Про электричество Геша не помнила совсем — вроде было, а вроде и со свечками иногда сидели. Да и про отношения матери с дедом известно было скудно, ясно только, что никуда эти отношения не годились. Кажется, после смерти бабки-жены дед воспитывал дочку один и до конца жизни не смог смириться с тем, что ответственность за ее бесконечные ошибки пришлось бы взваливать на себя. Стрекоза-мать встала поперек горла муравью-деду, глупо и бесстрашно забеременев в свои двадцать, как водится, в попытке переманить женатого. Дед, узнав о скором прибавлении, собрал нехитрые вещички и уехал в Малые Грязи, в недостроенный еще дом, оставив дочери в распоряжение квартиру и свое бесконечное презрение.
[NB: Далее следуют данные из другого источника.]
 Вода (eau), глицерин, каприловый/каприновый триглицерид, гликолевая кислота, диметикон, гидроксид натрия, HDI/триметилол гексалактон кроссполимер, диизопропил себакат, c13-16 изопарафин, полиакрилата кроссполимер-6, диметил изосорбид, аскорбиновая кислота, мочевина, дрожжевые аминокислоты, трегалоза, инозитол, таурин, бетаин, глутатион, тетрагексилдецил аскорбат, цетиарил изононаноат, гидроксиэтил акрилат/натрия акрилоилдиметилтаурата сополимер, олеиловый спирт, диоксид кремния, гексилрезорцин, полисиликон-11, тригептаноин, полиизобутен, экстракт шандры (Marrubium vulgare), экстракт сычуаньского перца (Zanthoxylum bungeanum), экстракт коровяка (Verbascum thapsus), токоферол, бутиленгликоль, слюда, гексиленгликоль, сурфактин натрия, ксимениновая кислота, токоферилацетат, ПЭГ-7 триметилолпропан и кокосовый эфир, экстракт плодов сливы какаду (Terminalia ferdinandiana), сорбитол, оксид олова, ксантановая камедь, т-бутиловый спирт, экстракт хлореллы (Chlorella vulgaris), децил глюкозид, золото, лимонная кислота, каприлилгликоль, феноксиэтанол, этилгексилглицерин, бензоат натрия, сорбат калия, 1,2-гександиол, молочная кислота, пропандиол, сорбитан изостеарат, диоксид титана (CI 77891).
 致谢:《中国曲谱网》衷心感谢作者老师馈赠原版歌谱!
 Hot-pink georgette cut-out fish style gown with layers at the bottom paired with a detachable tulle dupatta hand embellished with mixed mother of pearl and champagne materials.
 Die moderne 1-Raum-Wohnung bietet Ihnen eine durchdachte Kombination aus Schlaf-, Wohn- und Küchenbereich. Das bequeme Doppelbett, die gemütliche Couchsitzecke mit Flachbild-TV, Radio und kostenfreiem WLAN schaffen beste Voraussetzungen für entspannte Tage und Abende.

Стояло лето, ночевал в шалаше на участке, а днем строил. Таким образом, дачке напророчено было стать крепостью, обителью, закупоренной от всех неурядиц, законопаченной от всего нового, заслоненного кустами смородины от всего внешнего. К октябрю, когда грянули по ночам серьезные заморозки, дед с этой миссией как раз и управился.
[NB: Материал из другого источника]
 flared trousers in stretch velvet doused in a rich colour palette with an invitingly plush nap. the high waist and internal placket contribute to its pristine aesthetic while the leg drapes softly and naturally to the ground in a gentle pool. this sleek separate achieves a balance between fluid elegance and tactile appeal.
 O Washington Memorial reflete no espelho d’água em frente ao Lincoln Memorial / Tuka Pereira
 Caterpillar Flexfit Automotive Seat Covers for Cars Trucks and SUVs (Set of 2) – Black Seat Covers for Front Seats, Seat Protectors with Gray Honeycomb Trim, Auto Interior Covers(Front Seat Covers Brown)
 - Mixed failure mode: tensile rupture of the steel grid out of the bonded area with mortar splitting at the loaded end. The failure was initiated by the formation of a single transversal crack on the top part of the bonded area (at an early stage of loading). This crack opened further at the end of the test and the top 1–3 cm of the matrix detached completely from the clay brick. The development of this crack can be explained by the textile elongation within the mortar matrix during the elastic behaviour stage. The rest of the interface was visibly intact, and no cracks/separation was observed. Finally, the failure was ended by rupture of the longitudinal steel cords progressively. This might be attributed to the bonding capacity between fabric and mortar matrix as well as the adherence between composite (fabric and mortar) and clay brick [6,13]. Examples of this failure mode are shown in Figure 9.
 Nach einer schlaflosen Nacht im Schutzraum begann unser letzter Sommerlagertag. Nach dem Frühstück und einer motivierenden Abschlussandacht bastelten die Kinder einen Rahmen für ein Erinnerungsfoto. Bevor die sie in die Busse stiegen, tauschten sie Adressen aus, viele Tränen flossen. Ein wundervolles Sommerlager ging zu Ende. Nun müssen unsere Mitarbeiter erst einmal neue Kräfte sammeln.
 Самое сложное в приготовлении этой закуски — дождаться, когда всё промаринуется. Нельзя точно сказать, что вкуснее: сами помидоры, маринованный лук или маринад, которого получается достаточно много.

Не разговаривали они с матерью, не виделись, знать друг друга не хотели около года или более. И, однако же, именно к нему, к деду, перевезла мать маленькую Гешу, когда стало ясно, что женатый к переманиваниям остался глух.

Кстати сказать, Гешин водитель тоже, как оказалось, не мог похвастаться чистым паспортом. И даже растил двух сыновей — Колю и Толю. Хотя, казалось бы, — ревность, вечные сцены. Узнав о положении дел, Геша пообещала ему, что это никак не повлияет на их романчик и что невозможность его развития ее целиком устраивает, но эти Коля и Толя, погодки, смешливые белобровые двоечники, никак не шли из головы. За несколько недель до дедовой смерти она совсем перестала отвечать на меленько позвякивающий мобильный. От общих знакомых знала, что разрыв водитель переживает трудно, пьет, залез в долги. Сама оплакивала распавшийся роман, не ведая, сколько слез еще прольет над его последствиями. Жалела своего водителя всей душой. Скучала. Но от Коли и Толи никуда не деться, объясняла она себе со всей честностью.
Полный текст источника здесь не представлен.